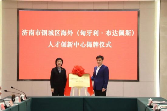 米文芃、程學鋒共同為“鋼城區(qū)海外(匈牙利·布達佩斯)人才創(chuàng)新中心”揭牌。
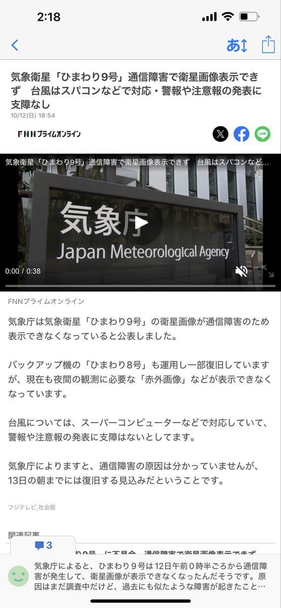 2025年10月12日午前6時45分 気象衛星の観測に障害 “台風観測に大きな影響なし”気象庁 | NHKニュース 【NHK】気象衛星「ひまわり9号」の観測に障害が発生し、気象庁のホームページ上で雲の画像が正常に表示できなくなっています。 news.web.nhk/newsweb/na/nb-…
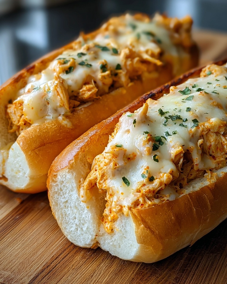 These Buffalo Chicken Stuffed Cheesy Bread Subs combine shredded chicken tossed in tangy buffalo sauce with creamy cheeses and ranch seasoning, all stuffed into buttery hoagie rolls and baked to golden perfection. A perfect spicy, cheesy comfort food for lunch or a game day snack.
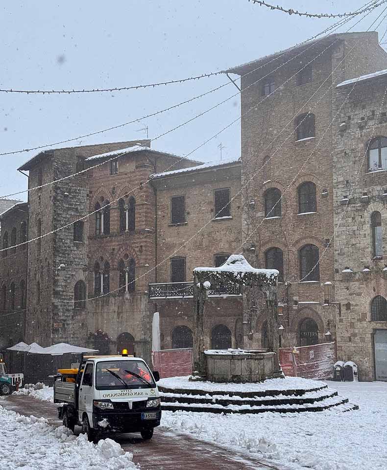 V Toskánsku sněží, budou se nosit kožichy :-) Připomínám Stefana Grandiho, vinaře ze San Gimignana, který mi v prosinci 2017 řekl: „Víš, Vladimíre, my víme, co je sníh… ale nesněží každý rok!“ Od rána se v lokálních facebookových skupinách objevují katastrofické fotky s centimetrovým popraškem. Chtěl jsem zajet fotit do Volterry a San Gimignama, ale nakonec jsem se rozhodl vyhnout se setkání s řidiči nepřipravenými na zimu. Bydlím 300 metrů od moře, je tady 5 stupňů nad nulou a žádný sníh. Moře stabilizuje teploty a ušetří mi spoustu peněz za vytápění. Nejenže jsou zdejší teploty o 10 až 15° vyšší než ve středních Čechách, ale jsou i o pět stupňů vyšší než padesát kilometrů na východ v italském vnitrozemí. I zde platí, že mráz přichází z Východu. (Na úvodní fotce je San Gimignano, Piazza della Cisterna. Na druhé Volterra, obě fotky ukradené na FB.)
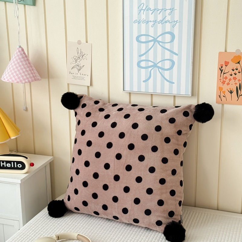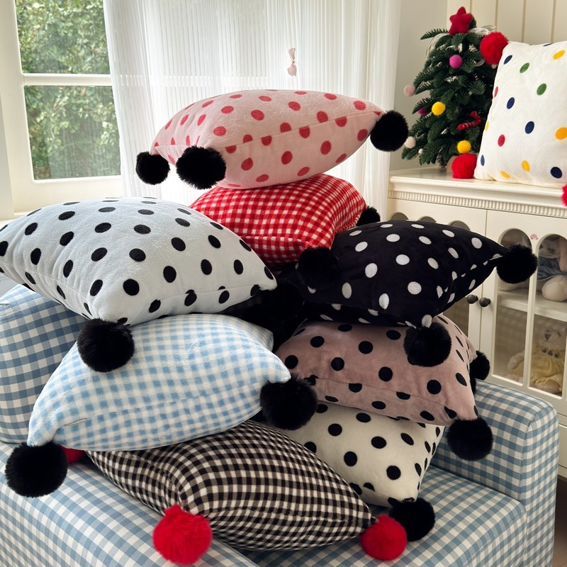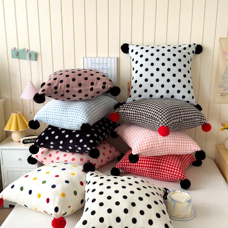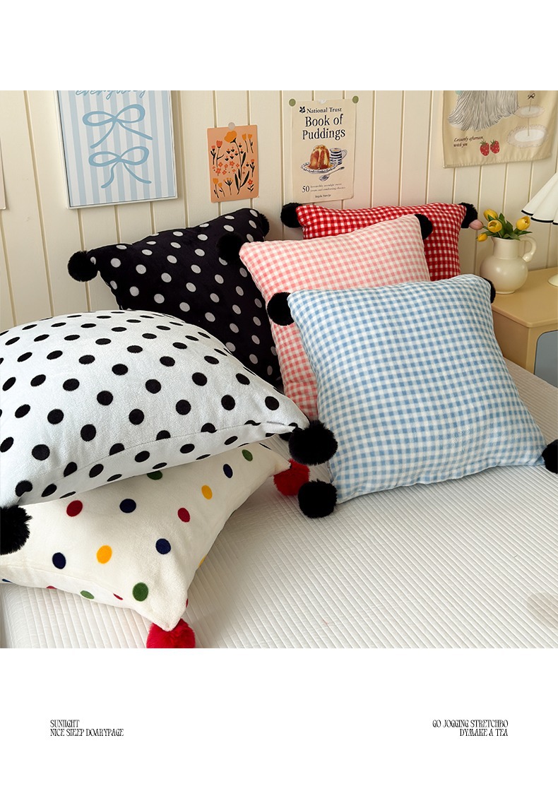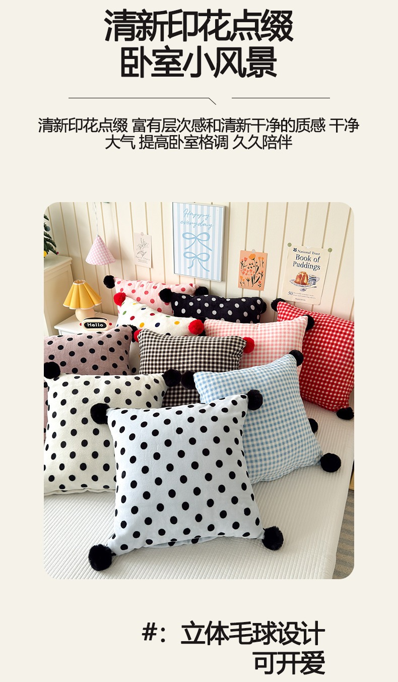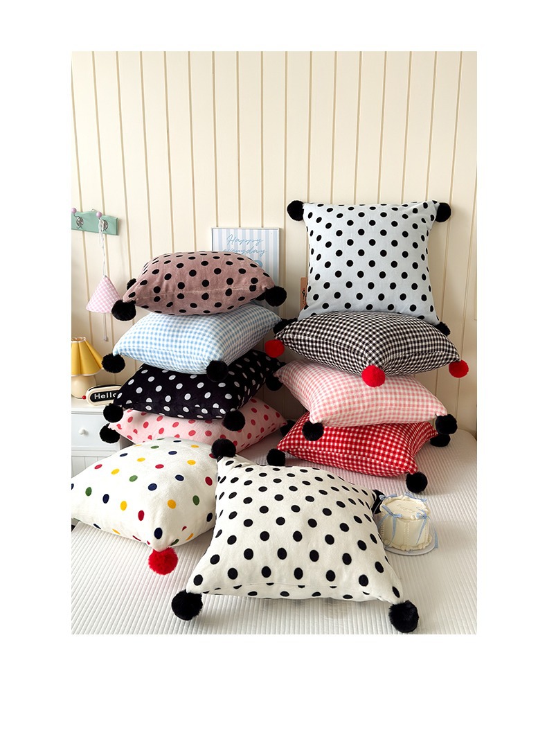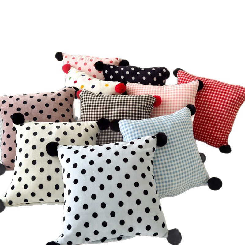 网红复古芋泥紫波点牛奶绒毛球抱枕客厅沙发午睡办公室靠枕腰枕芯

| EXERCISE DIRECTIONS |
Starting at the line that contains "V Toskánsku sněží, budou", output every line through the end of the data, both ends included, and nothing else; pictures stay out.

| EXPECTED ANSWER |
 V Toskánsku sněží, budou se nosit kožichy :-) Připomínám Stefana Grandiho, vinaře ze San Gimignana, který mi v prosinci 2017 řekl: „Víš, Vladimíre, my víme, co je sníh… ale nesněží každý rok!“ Od rána se v lokálních facebookových skupinách objevují katastrofické fotky s centimetrovým popraškem. Chtěl jsem zajet fotit do Volterry a San Gimignama, ale nakonec jsem se rozhodl vyhnout se setkání s řidiči nepřipravenými na zimu. Bydlím 300 metrů od moře, je tady 5 stupňů nad nulou a žádný sníh. Moře stabilizuje teploty a ušetří mi spoustu peněz za vytápění. Nejenže jsou zdejší teploty o 10 až 15° vyšší než ve středních Čechách, ale jsou i o pět stupňů vyšší než padesát kilometrů na východ v italském vnitrozemí. I zde platí, že mráz přichází z Východu. (Na úvodní fotce je San Gimignano, Piazza della Cisterna. Na druhé Volterra, obě fotky ukradené na FB.)
 网红复古芋泥紫波点牛奶绒毛球抱枕客厅沙发午睡办公室靠枕腰枕芯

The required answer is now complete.